- [Problem statement]
Reproduce from the records below, with no pictures, exactly the lines between the one containing "(a) Using a" and the one containing "Welcome to Hani", inclusive.

- [Extracted information]
────────────────────────────────────────

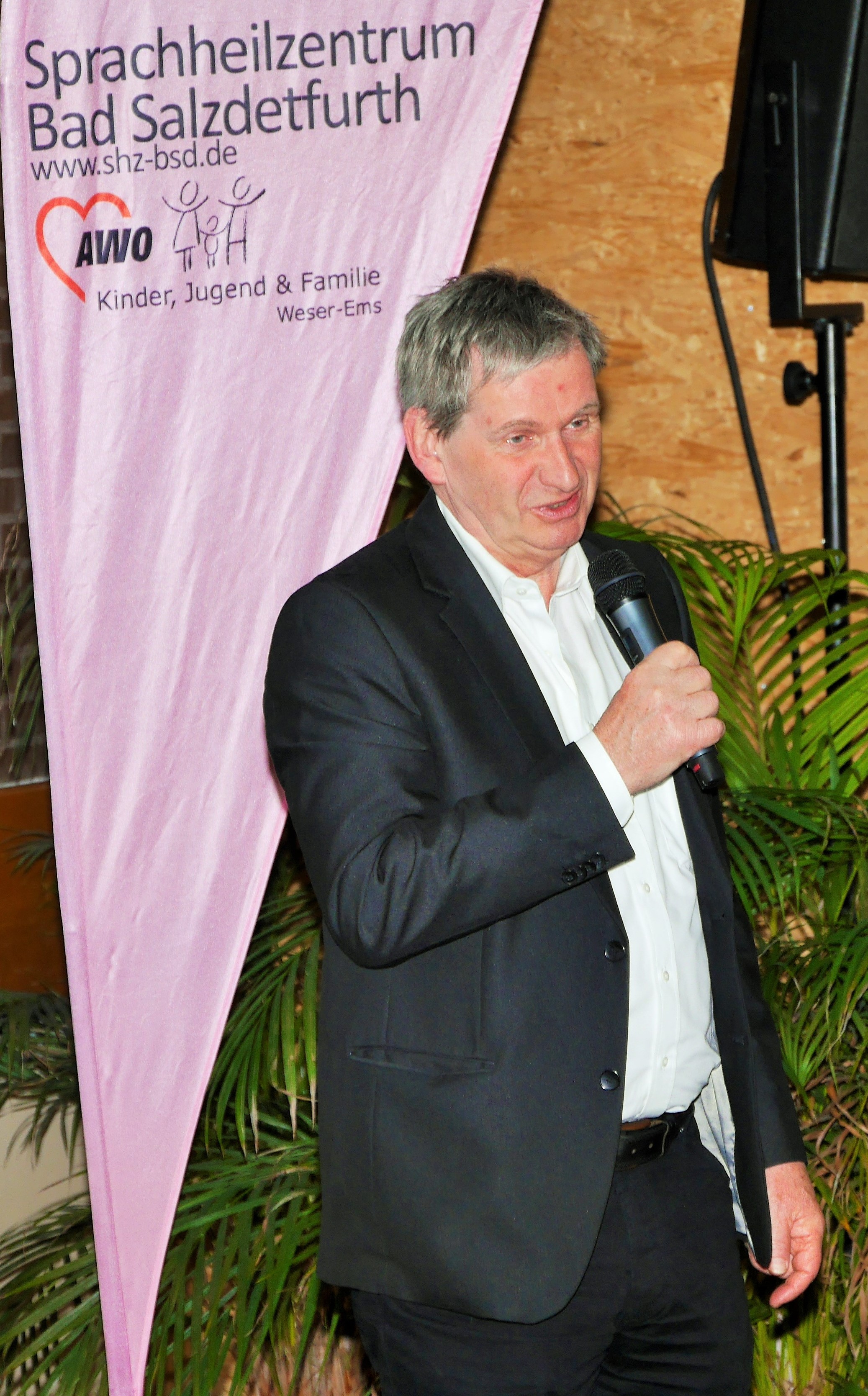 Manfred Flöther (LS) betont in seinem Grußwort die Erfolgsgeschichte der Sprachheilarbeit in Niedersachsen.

────────────────────────────────────────

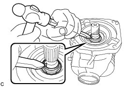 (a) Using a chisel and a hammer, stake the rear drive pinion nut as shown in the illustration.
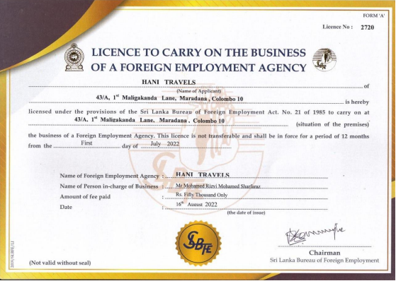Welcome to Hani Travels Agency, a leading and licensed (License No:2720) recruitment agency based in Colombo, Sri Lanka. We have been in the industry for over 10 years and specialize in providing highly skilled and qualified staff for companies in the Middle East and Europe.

────────────────────────────────────────

- [Exercise solution]
 (a) Using a chisel and a hammer, stake the rear drive pinion nut as shown in the illustration.
Welcome to Hani Travels Agency, a leading and licensed (License No:2720) recruitment agency based in Colombo, Sri Lanka. We have been in the industry for over 10 years and specialize in providing highly skilled and qualified staff for companies in the Middle East and Europe.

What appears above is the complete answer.